Instructions for the task: From the line containing "Vinyl die-cut sticker of" to the line containing "Bei der Kälberhaltung" in the records below, set down every line exactly as it stands, both ends included, and skip the pictures.

Data provided:
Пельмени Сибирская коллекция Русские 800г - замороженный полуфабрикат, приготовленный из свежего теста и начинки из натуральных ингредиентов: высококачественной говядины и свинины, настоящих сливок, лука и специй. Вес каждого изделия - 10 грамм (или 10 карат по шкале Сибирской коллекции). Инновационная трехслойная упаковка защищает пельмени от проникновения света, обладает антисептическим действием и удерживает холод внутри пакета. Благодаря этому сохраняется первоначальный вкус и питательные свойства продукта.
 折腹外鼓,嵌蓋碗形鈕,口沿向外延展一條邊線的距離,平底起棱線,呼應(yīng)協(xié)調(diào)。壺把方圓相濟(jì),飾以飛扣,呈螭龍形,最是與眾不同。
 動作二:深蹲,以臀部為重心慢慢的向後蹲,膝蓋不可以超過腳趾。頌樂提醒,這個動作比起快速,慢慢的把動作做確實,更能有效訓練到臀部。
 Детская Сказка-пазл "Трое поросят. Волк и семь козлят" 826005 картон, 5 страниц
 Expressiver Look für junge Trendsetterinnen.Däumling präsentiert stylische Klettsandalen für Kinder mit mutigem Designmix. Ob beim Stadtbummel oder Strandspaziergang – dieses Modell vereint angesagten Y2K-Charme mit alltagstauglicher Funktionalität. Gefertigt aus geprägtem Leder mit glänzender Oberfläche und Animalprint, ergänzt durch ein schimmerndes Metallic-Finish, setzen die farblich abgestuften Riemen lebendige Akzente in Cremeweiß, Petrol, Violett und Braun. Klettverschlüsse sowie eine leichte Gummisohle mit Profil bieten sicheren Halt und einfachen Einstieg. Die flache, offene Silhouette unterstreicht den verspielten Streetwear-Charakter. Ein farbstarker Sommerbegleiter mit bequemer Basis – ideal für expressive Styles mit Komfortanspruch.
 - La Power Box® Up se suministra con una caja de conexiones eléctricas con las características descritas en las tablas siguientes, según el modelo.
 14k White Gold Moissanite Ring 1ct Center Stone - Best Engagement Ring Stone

--

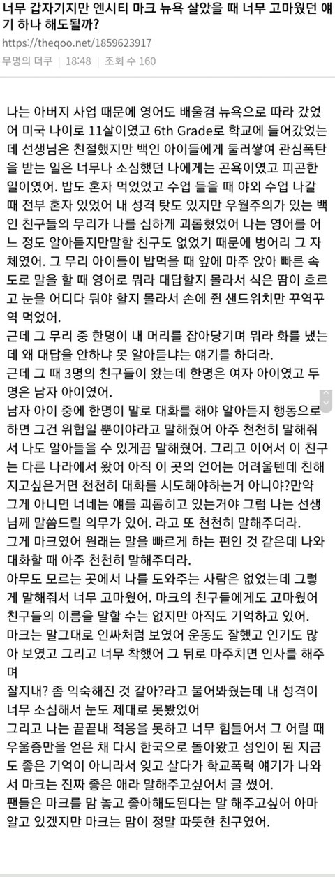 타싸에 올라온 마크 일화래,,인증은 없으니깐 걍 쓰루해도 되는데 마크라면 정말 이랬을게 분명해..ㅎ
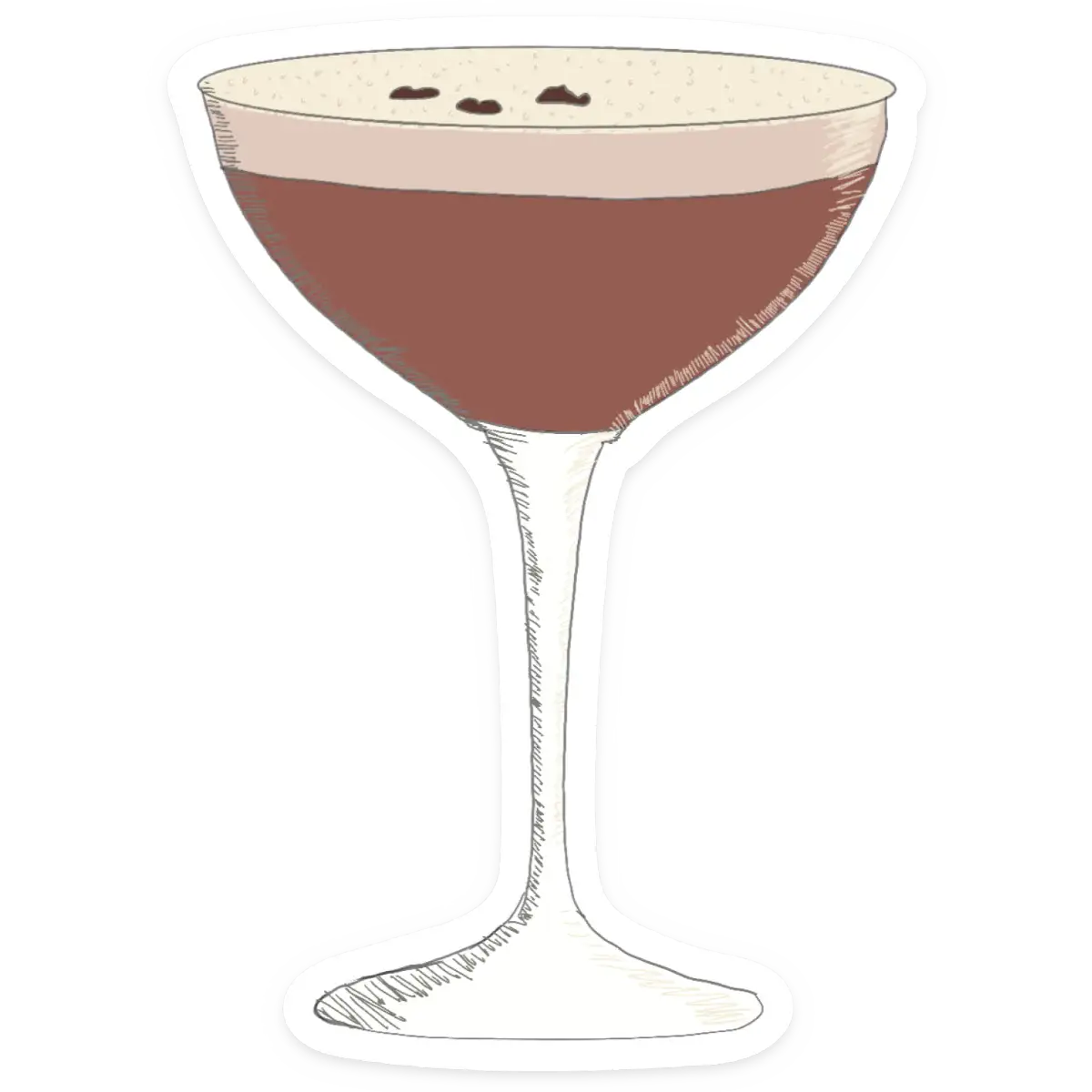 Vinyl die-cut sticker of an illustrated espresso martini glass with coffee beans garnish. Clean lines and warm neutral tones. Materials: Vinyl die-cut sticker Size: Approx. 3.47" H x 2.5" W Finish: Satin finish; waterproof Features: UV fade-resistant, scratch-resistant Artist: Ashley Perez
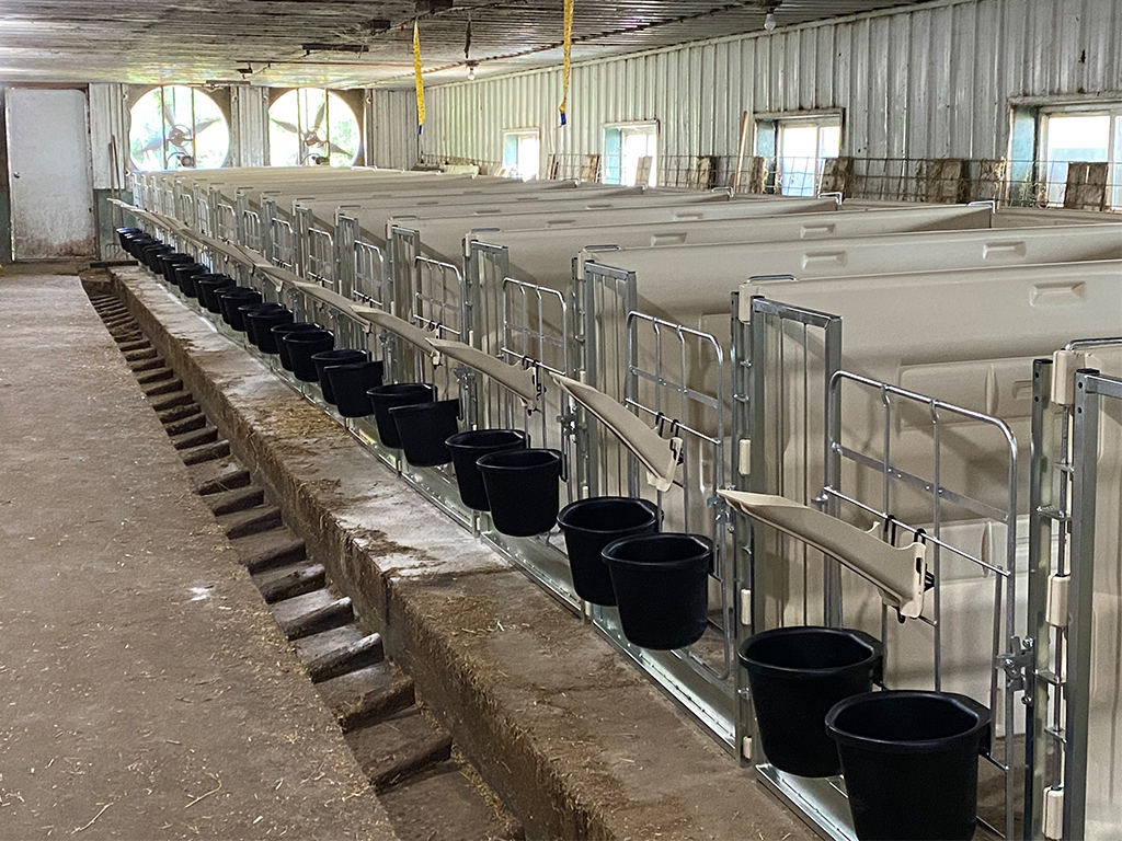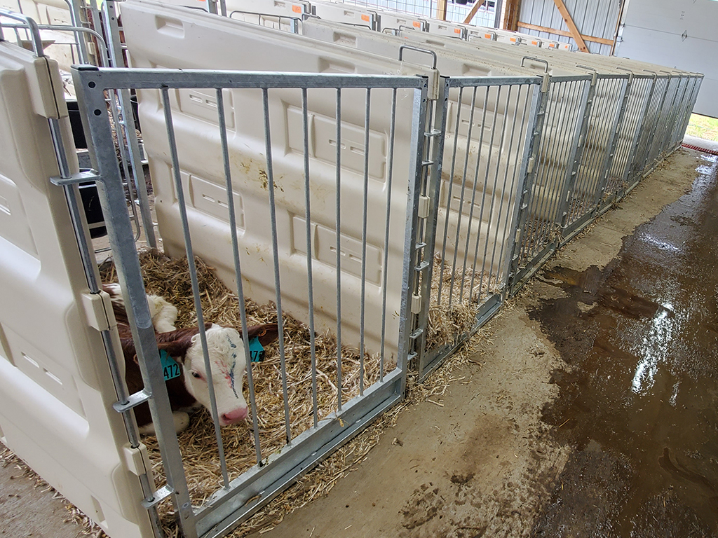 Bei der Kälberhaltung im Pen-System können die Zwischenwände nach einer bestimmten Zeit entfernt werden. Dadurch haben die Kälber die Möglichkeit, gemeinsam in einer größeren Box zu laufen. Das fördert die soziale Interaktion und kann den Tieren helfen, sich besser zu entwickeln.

Finished exercise:
 Vinyl die-cut sticker of an illustrated espresso martini glass with coffee beans garnish. Clean lines and warm neutral tones. Materials: Vinyl die-cut sticker Size: Approx. 3.47" H x 2.5" W Finish: Satin finish; waterproof Features: UV fade-resistant, scratch-resistant Artist: Ashley Perez
 Bei der Kälberhaltung im Pen-System können die Zwischenwände nach einer bestimmten Zeit entfernt werden. Dadurch haben die Kälber die Möglichkeit, gemeinsam in einer größeren Box zu laufen. Das fördert die soziale Interaktion und kann den Tieren helfen, sich besser zu entwickeln.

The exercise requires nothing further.